There were no reported serious accidents or injuries during the shooting of Miller’s new feature, Furiosa: A Mad Max Saga (premiering in Cannes this week) – a remarkable feat, given the film’s frantic, stunts-heavy ethos. After all, Miller likes his action scenes to be as realistic as possible. He’ll hire Cirque du Soleil gymnasts to perform gravity-defying stunts rather than try to trick the audiences with visual effects. Like its predecessors, the new movie is awash with blood, carnage, mayhem, decapitations and disembowelling.
In one extraordinary 15-minute sequence that took a reported 78 days to film, Tom Burke as the legendary “rig driver” Praetorian Jack is shown behind the wheel of a huge oil juggernaut driving at breakneck speed down the desert road. The vehicle is being pursued by assailants on all sides, some of them paragliding high above it, others on motorbikes or in trucks. Furiosa herself (Anya Taylor-Joy) is clinging to the undercarriage, trying to stop the vehicle from blowing up. It’s like a hyper-charged version of a stagecoach chase in an old western. Such high jinks are what audiences have come to expect from a Max Max movie – but are only a part of what has turned the series into such a phenomenon.

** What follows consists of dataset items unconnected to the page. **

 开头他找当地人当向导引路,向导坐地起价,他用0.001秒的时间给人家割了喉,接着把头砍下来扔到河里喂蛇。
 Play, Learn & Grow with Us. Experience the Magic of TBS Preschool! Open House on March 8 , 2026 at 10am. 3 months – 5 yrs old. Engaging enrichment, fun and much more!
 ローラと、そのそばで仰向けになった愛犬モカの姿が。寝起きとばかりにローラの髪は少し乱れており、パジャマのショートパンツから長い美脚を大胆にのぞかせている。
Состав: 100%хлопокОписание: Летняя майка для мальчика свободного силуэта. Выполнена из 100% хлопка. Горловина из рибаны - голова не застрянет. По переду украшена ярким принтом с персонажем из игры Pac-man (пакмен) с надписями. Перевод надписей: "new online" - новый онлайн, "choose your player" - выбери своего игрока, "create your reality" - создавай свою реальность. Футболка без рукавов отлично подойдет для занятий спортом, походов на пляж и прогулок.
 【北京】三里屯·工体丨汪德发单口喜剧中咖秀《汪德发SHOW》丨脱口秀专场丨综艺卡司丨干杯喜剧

“First and foremost, he [Miller] is very, very intelligent,” Iain Smith, executive producer of the 2015 franchise instalment Fury Road, tells me. “He’s a man of enormous focus and passion to make a small idea grow and become a big thing. The Mad Max series is a great example of that.”

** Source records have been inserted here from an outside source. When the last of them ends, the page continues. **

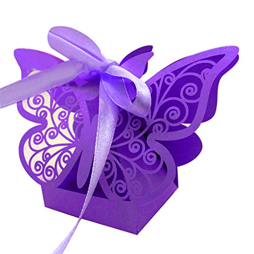 Zorpia New 50pcs Laser cut Butterfly Wedding favor box candy box gift box wedding favors event party supplies wedding decoration ZRA0168922 (Purple)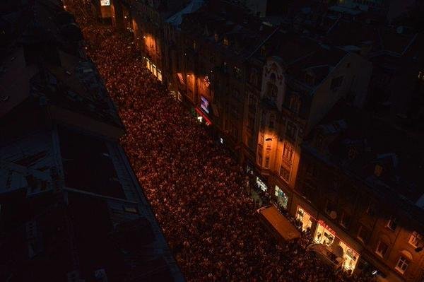 Comme nous l’expliquions tout à l’heure en vous montrant les highlights de Dzanan Musa, MVP du championnat d’Europe U16, la Bosnie-Herzégovine a décroché son premier titre FIBA en battant l’hôte lituanien. L’équipe est rentrée à Sarajevo et l’accueil qui lui a été réservé est tout bonnement inimaginable ! Plus de 50 000 personnes se sont massées dans les rues de Sarajevo pour fêter les jeunes héros.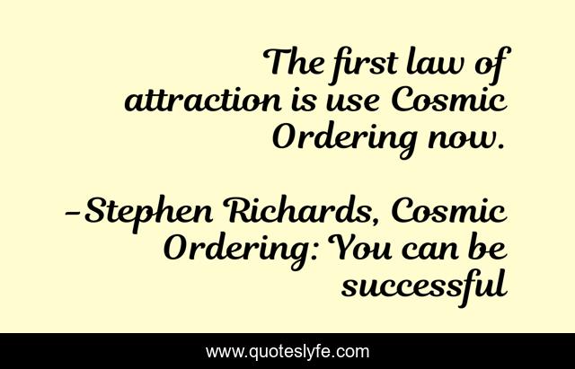 "Stephen Richards, Cosmic Ordering: You can be successful Quotes." Quoteslyfe.com, 2025. Sun. 07 Dec. 2025. <https://www.quoteslyfe.com/quote/The-first-law-of-attraction-is-use-17000>.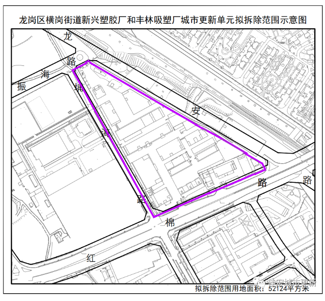 項目位于深圳市位于龍崗區(qū)橫崗街道,項目擬拆除重建范圍面積為52124㎡,擬更新方向為新型產(chǎn)業(yè)、普通工業(yè)功能(更新后的普通工業(yè)廠房面積不低于現(xiàn)狀面積)。擬拆除重建用地范圍內(nèi)應(yīng)落實用地面積不小于15116平方米公共利益用地及發(fā)展備用地(其中規(guī)劃主導(dǎo)功能為普通工業(yè)的發(fā)展備用地用地面積不低于10614 平方米)。在更新單元規(guī)劃階段落實工業(yè)區(qū)塊線等相關(guān)法定規(guī)劃的管控要求。

This is indeed one of recent cinema history’s most unlikely metamorphoses. Over 45 years, what started as a grungy, low-budget Australian exploitation pic has gradually evolved into a massive franchise. The first film, Mad Max (1979), was very modest in scope – an Aussie version of one of those genre movies that the late Roger Corman was so adept at making. Its budget was around $2m – that’s to say, around $170m less than is thought to have been spent on Furiosa. The production values were closer to those of an episode of TV’s The Dukes of Hazard than they were to the blockbuster movies that Miller is overseeing today. The director’s fabled post-apocalyptic “wasteland”, where packs of renegades are fighting for survival, looked unmistakably like the Australian outback.
Mad Max was dubbed for international audiences. US distributors worried that viewers simply wouldn’t understand the Australian slang of the actors, including the 21-year-old pre-fame Mel Gibson. Nonetheless, the project’s ambition and mythic dimension were evident from the outset. The first film had all the crashes, sex and violence that you expected in films from the “video nasties era” but with a lot more under the hood. Miller was asking some very unsettling questions about how quickly the veneer of civilisation can be stripped away when the food and fuel run out.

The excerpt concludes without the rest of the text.